Usare FRL non significa semplicemente alzare una frequenza. Sorgente e display devono mettersi d’accordo su una modalità comune e verificare che il collegamento regga i dati con un margine di errore accettabile. Il processo si chiama link training.
La grande assente nella prima versione delle patch riguarda il Display Stream Compression, abbreviato DSC. Parliamo di una compressione video pensata apposta per le interfacce display, capace di ridurre parecchio la quantità di dati da trasmettere mantenendo una qualità visiva molto alta. Anche senza DSC, comunque, FRL amplia già di molto le combinazioni disponibili. Una modalità 4K a 120 Hz può rientrare nella capacità del collegamento in diverse configurazioni senza compressione. Salendo verso l’8K o refresh rate elevatissimi il fabbisogno cresce in fretta, e lì DSC diventa spesso indispensabile.
Un progetto nato nel 2022 e poi svanito nel nulla
La parte curiosa riguarda i tempi. Patch Intel dedicate a HDMI 2.1 nativo per Meteor Lake giravano già nel 2022, prima ancora che i processori Core Ultra arrivassero sul mercato. Dopo quelle proposte lo sviluppo pubblico si è praticamente fermato.

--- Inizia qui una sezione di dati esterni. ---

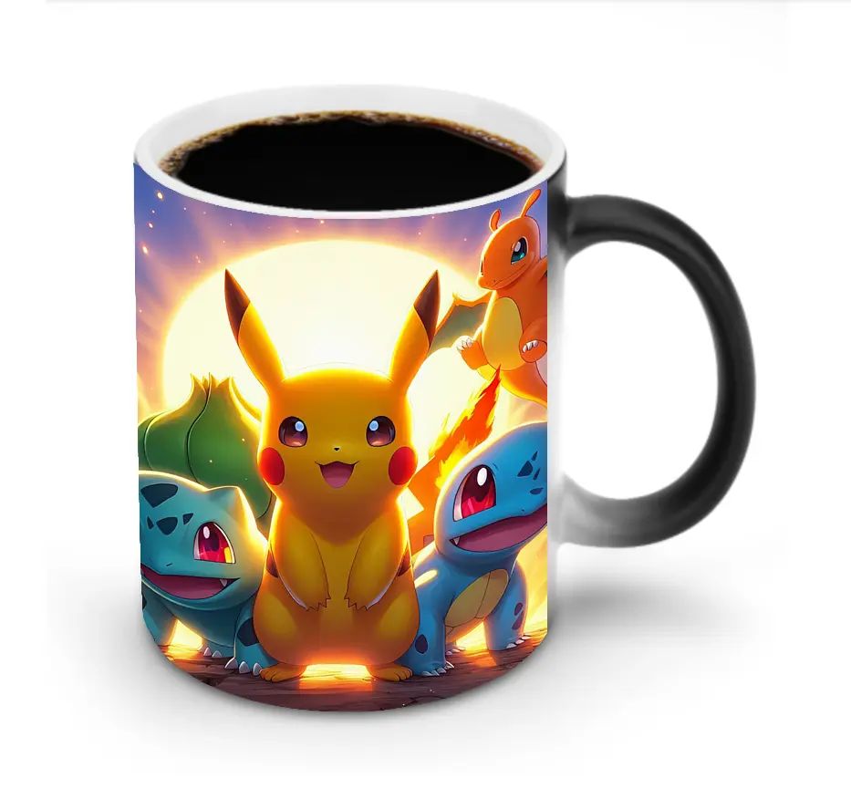 ポケモン ピカチュウ&ゼニガメ&フシギダネ クラシック オリジナルデザイン - 変色マグカップ ・ セラミック ・ 熱転写プリント ・ 耐久性 高品質 ・ ギフト・自宅用 コーヒー お茶

La coincidenza con le difficoltà incontrate da altri produttori ha alimentato molte discussioni sul rapporto tra le specifiche HDMI e i driver open source. Il caso più conosciuto riguarda AMD. Nel 2024 gli sviluppatori spiegarono apertamente di non poter pubblicare la propria implementazione HDMI 2.1 rispettando le condizioni imposte dall’HDMI Forum, pur avendo lavorato sul supporto.
Non esiste alcuna dichiarazione Intel che colleghi in modo diretto l’interruzione del progetto del 2022 alle stesse ragioni. Il fatto che prima AMD con AMDGPU e ora Intel abbiano ripreso il lavoro su FRL lascia intendere però che qualcosa, sul piano tecnico oppure su quello delle condizioni che permettono di pubblicare il codice, si è evidentemente sbloccato.